_PROMPT_
The listing below has to be output exactly as given, less its pictures.
= = =
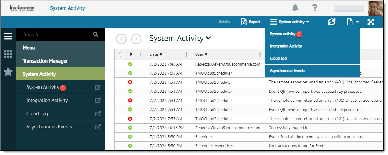 Select Transaction Manager > System Activity on the Foundry Menu, and then select System Activity to launch the System Activity log.
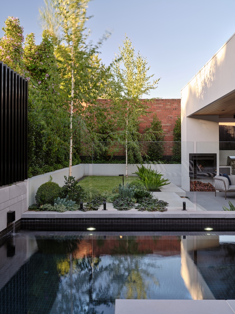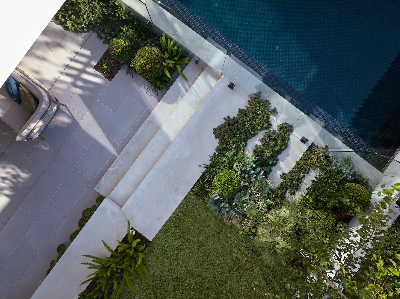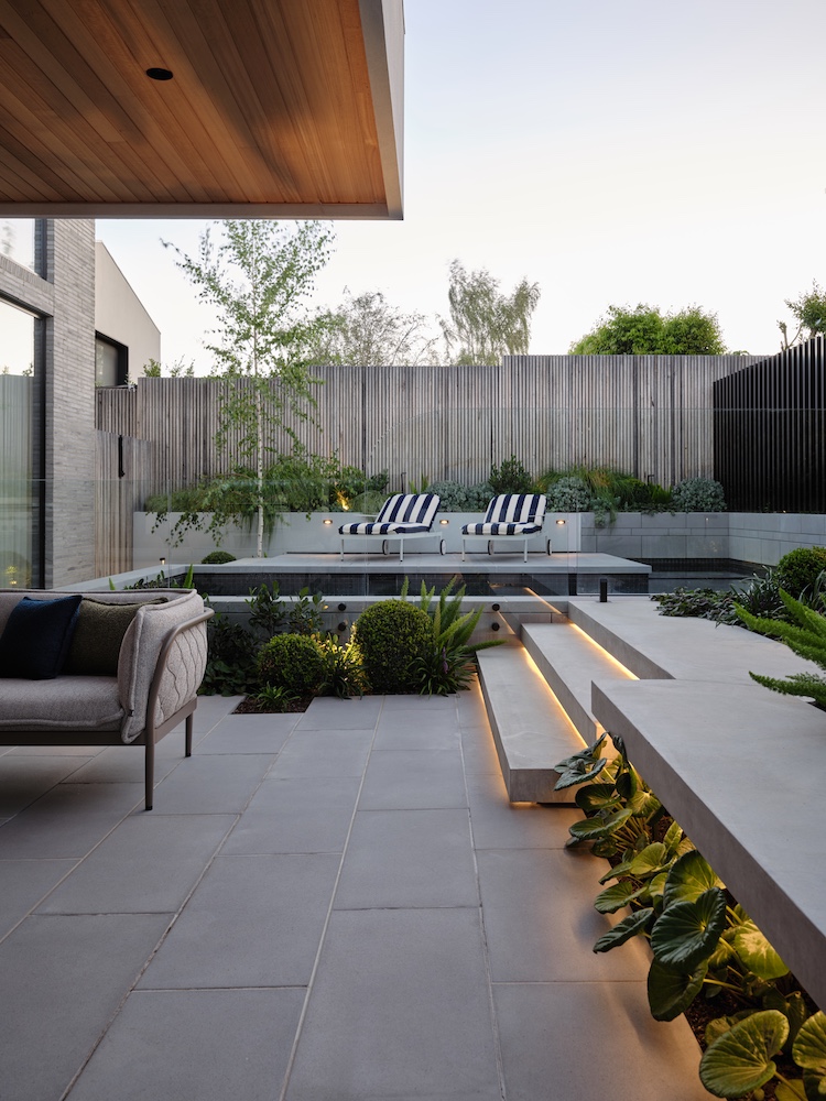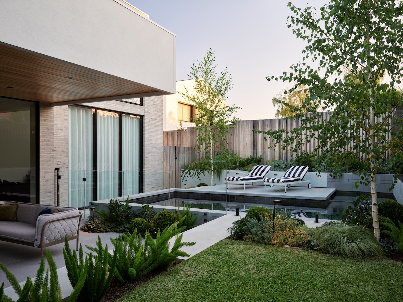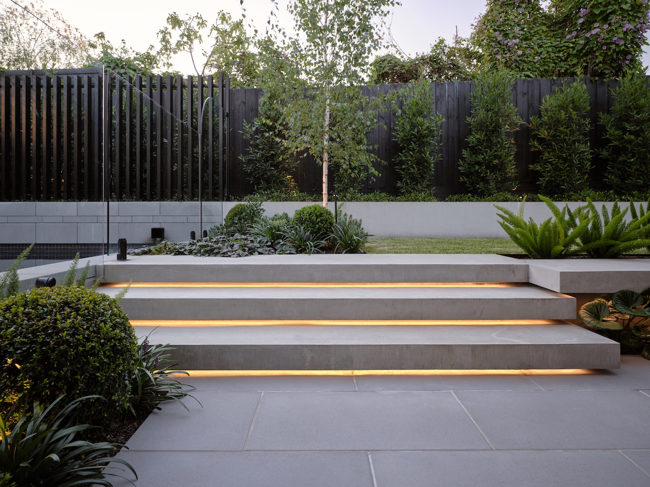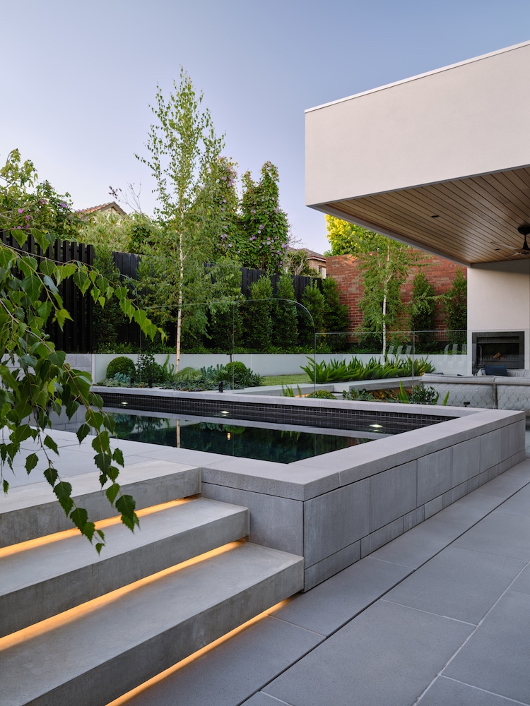 The design incorporates a raised pool, spa, sun lounges, and an elevated lawn that provides both play space for children and a sense of openness. Thoughtful level transitions reduced the scale of retaining walls while cleverly doubling as additional seating areas. The alfresco entertaining zone flows effortlessly into the garden, with lush underplanting and floating steps enhancing the connection between levels.
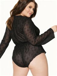 The Chill & Thrill Romper is a sexy and comfortable romper in luxurious velvet flocked mesh for women seeking effortless sensuality. Relaxed fit, full-length sleeves with thumbhole detail, plunging neckline with elastic lace-up, elasticized gathered back waist, cheeky silhouette. Luxurious velvet flocked mesh for elegance. Available in plus sizes and standard sizes.
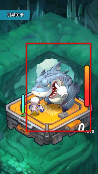 1、在引導關卡中操控角色靠近出現的鯊魚型怪物,按照指引完成初始互動,進入與該怪物的戰斗環節,準備發起攻擊。
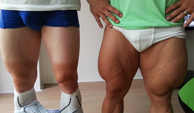- I know it’s not Hollywood, but I’m obsessed with this Twitter pic of picture of a “quad-off” between two German cyclists competing at the Olympics. Mountain biker Robert Forstemann owns the giant thighs on the right, while the less extreme legs on the left belong to Andre Greipel. Scary!
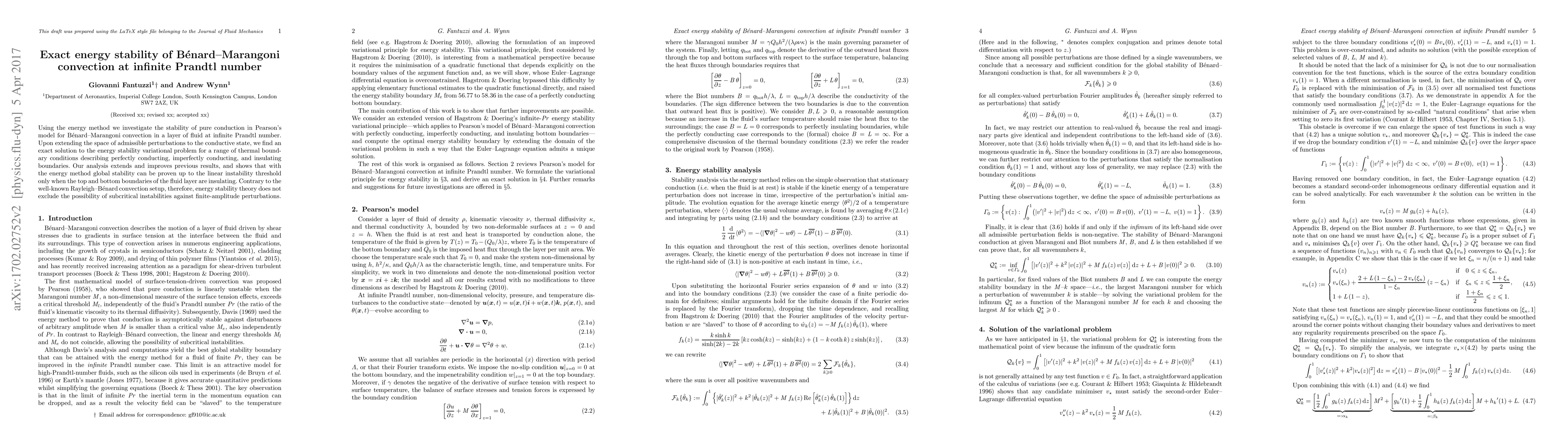 Using the energy method we investigate the stability of pure conduction in Pearson's model for B\'enard-Marangoni convection in a layer of fluid at infinite Prandtl number. Upon extending the space of admissible perturbations to the conductive state, we find an exact solution to the energy stability variational problem for a range of thermal boundary conditions describing perfectly conducting, imperfectly conducting, and insulating boundaries. Our analysis extends and improves previous results, and shows that with the energy method global stability can be proven up to the linear instability threshold only when the top and bottom boundaries of the fluid layer are insulating. Contrary to the well-known Rayleigh-B\'enard convection setup, therefore, energy stability theory does not exclude the possibility of subcritical instabilities against finite-amplitude perturbations.
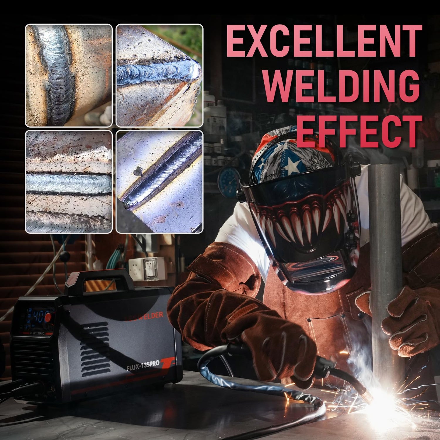 - MORE POWERFUL: Up to 135 Amp output allows you to weld mild steel up to 2/5” in the plate. Suitable for 2LB .030” & .035” flux core wire.
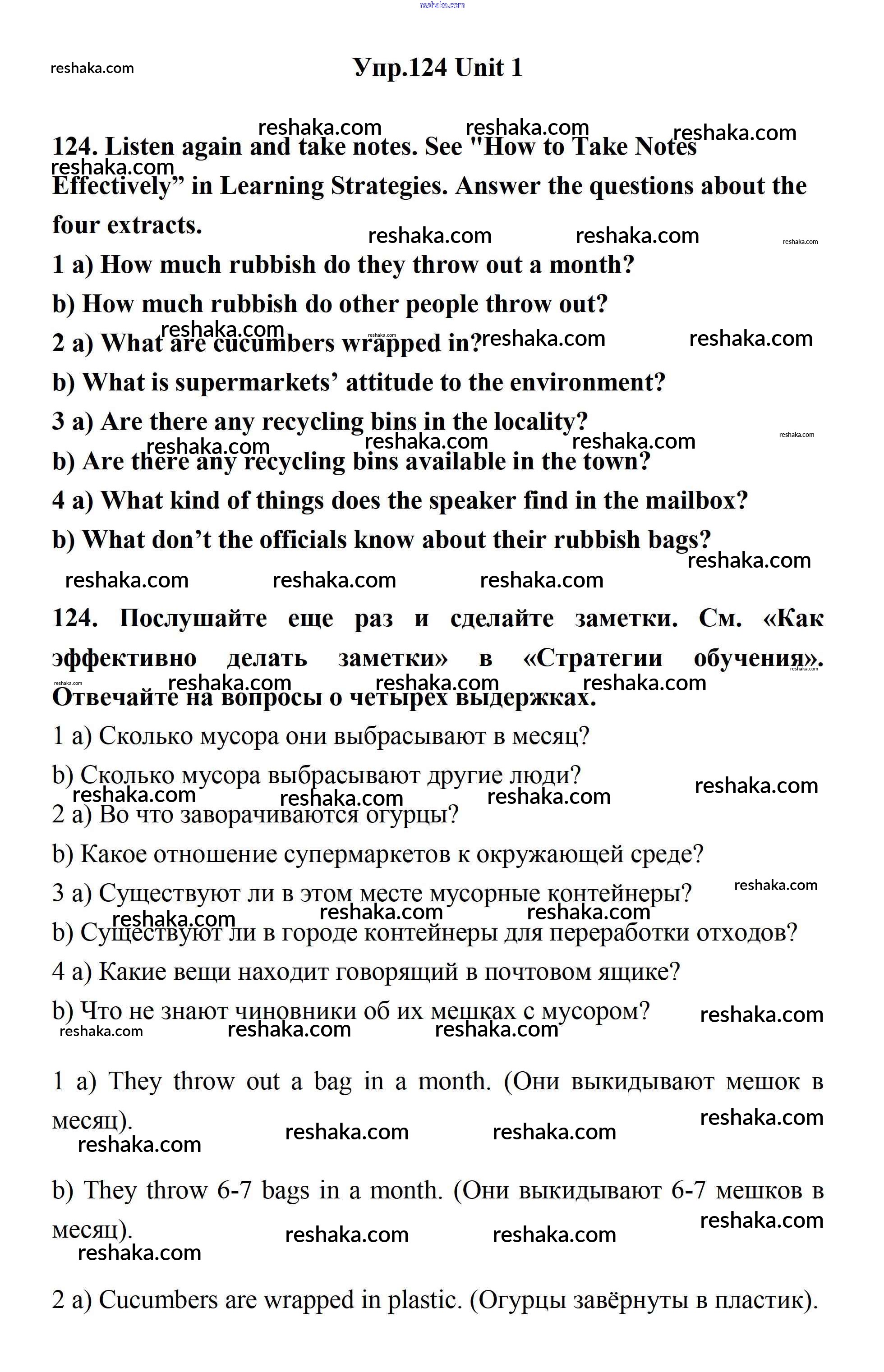 Решака - онлайн ответы Английский язык Биболетова, Бабушис за 11 класс Учебник ФГОС 2017 - 124
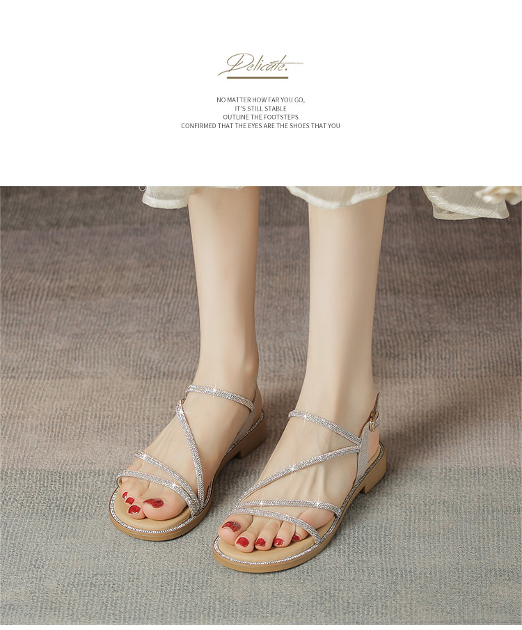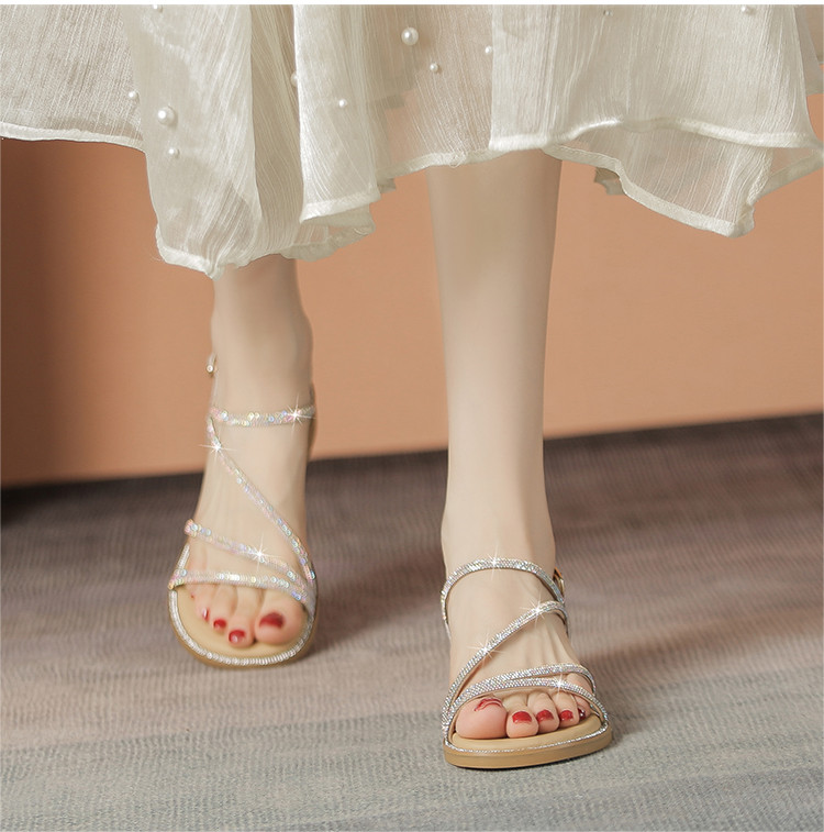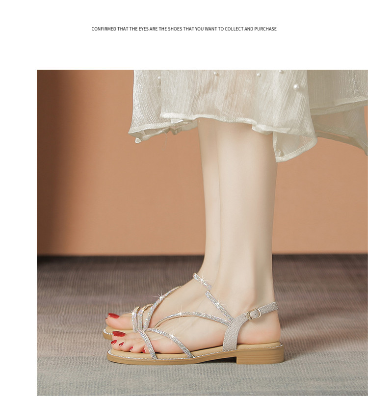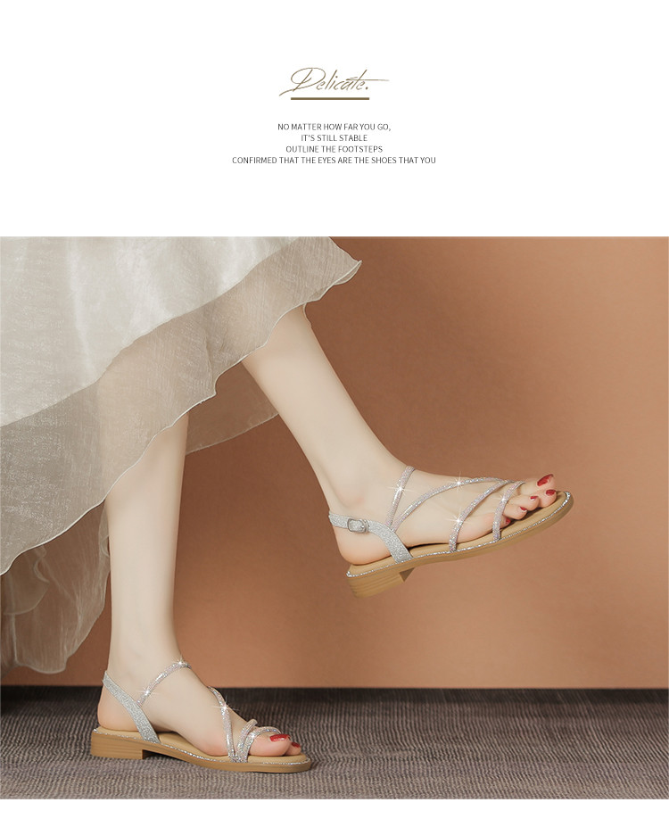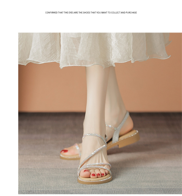 商品名称:【璀璨星钻】百搭一字带女凉鞋沙滩鞋女夏季凉鞋罗马凉鞋女士凉鞋 044288
= = =
_TASK ANSWER_
 Select Transaction Manager > System Activity on the Foundry Menu, and then select System Activity to launch the System Activity log.
 The design incorporates a raised pool, spa, sun lounges, and an elevated lawn that provides both play space for children and a sense of openness. Thoughtful level transitions reduced the scale of retaining walls while cleverly doubling as additional seating areas. The alfresco entertaining zone flows effortlessly into the garden, with lush underplanting and floating steps enhancing the connection between levels.
 The Chill & Thrill Romper is a sexy and comfortable romper in luxurious velvet flocked mesh for women seeking effortless sensuality. Relaxed fit, full-length sleeves with thumbhole detail, plunging neckline with elastic lace-up, elasticized gathered back waist, cheeky silhouette. Luxurious velvet flocked mesh for elegance. Available in plus sizes and standard sizes.
 1、在引導關卡中操控角色靠近出現的鯊魚型怪物,按照指引完成初始互動,進入與該怪物的戰斗環節,準備發起攻擊。
- I know it’s not Hollywood, but I’m obsessed with this Twitter pic of picture of a “quad-off” between two German cyclists competing at the Olympics. Mountain biker Robert Forstemann owns the giant thighs on the right, while the less extreme legs on the left belong to Andre Greipel. Scary!
 Using the energy method we investigate the stability of pure conduction in Pearson's model for B\'enard-Marangoni convection in a layer of fluid at infinite Prandtl number. Upon extending the space of admissible perturbations to the conductive state, we find an exact solution to the energy stability variational problem for a range of thermal boundary conditions describing perfectly conducting, imperfectly conducting, and insulating boundaries. Our analysis extends and improves previous results, and shows that with the energy method global stability can be proven up to the linear instability threshold only when the top and bottom boundaries of the fluid layer are insulating. Contrary to the well-known Rayleigh-B\'enard convection setup, therefore, energy stability theory does not exclude the possibility of subcritical instabilities against finite-amplitude perturbations.
 - MORE POWERFUL: Up to 135 Amp output allows you to weld mild steel up to 2/5” in the plate. Suitable for 2LB .030” & .035” flux core wire.
 Решака - онлайн ответы Английский язык Биболетова, Бабушис за 11 класс Учебник ФГОС 2017 - 124
 商品名称:【璀璨星钻】百搭一字带女凉鞋沙滩鞋女夏季凉鞋罗马凉鞋女士凉鞋 044288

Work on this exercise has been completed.